Start Building the dDx

  • Based on the history and observation, are any infrastructure segments ruled out or in?
  • Does it seem like client, server, or network?
  • What issues would lead to this set of symptoms?
  • Are there any high severity issues (e.g. cyber issues) that would lead to these symptoms?

Safe Tests

Just like in a medical office, the tests that qualify as safe for you depend on what tools you have available. A good guiding light is to think what can I do that won’t make this issue worse?

For example, asking a user to clear their browser cache and reboot before trying again is a safe test. Ping and traceroute tests are almost always safe. Taking a packet capture on a device with plenty of spare CPU and memory is usually safe, but taking a packet capture on a device with high utilization may not be safe.

If you have a syslog collector, then log analysis will be safe, but if you have to log into a server that’s having issues to zip up and export several gigabytes of logs, that may make things worse.

Impacting Tests

Once you’ve exhausted the safe diagnostic steps you can take, you need to start looking at impacting tests. These tests almost always have some sort of temporary impact, so your goal should be to do as much as possible without further impacting your users.

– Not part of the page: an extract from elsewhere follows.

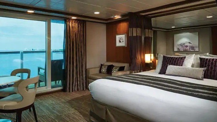 Company policy states that a guest under 18 years of age must be accompanied in the same, connecting or next to a stateroom with an adult guest, who must be 18 years of age or older at the time of embarkation.

A great example of an impacting tests is rebooting servers. Even with good resiliency engineering, a rebooted server almost always results in dropped user sessions. Another great example is changing settings. Tweaking a configuration could fix an issue, but it can also produce further impact.

Example - Video Calls Keep Dropping

You get a ticket assigned to you where users at a specific office have video calls with terrible video and audio quality that also keep dropping. As you get the history and observations, you learn the following:

  • Impact started about a week ago
  • This hasn’t happened at this office before
  • Shortly before impact started, a new team moved to this office
  • While video calls are the biggest disruption, web browsing is also pretty slow at the same time
  • The issue primarily occurs around 9am and 1pm
  • Nearby offices are not affected
  • Both Wifi and Ethernet connections are affected

With all of this data, you can start building out the dDx:

  1. Too little capacity on the circuit
  2. Network issues on the local gear
  3. Network issues on the ISP circuit
  4. Client issues (maybe a bad security patch)

You choose to begin focusing on the network issues, so you log into the local switch and router and start checking interface statistics. Resetting interface counters is a safe test, so you go ahead and do that.

After a day of information gathering, you can see that there are no CRC errors or discarded frames. You can also see that the rate in and out of the router uplink to the ISP modem maxes out pretty close to the circuit bandwidth.

A call to the ISP confirms that around 9am and 1pm each work day, the circuit utilization exceeds 90%. You can now put in the request for a circuit upgrade at this site with a root cause identified.

To summarize, the information gained under the History and Observation steps gave the clues that this issue is isolated to a single office, they recently had a change in headcount, and the issue primarily happens when people first log on in the morning and when they log in after lunch. This targets network capacity as the most likely issue, and you chose to rule out issues within the local network while collecting data on the overall utilization.

Summary

HOPS, or HOSI for us IT folks, is a really effective way to gather data on an issue before building out a differential diagnosis. It also helps decide which diagnostic tests to perform while reducing further impact on the affected users.

As you continue troubleshooting, work through those History and Observation questions to give yourself bounds for your differential diagnosis. And as you identify ways to rule out or confirm potential diagnoses, decide which ones are safe, and run those tests first.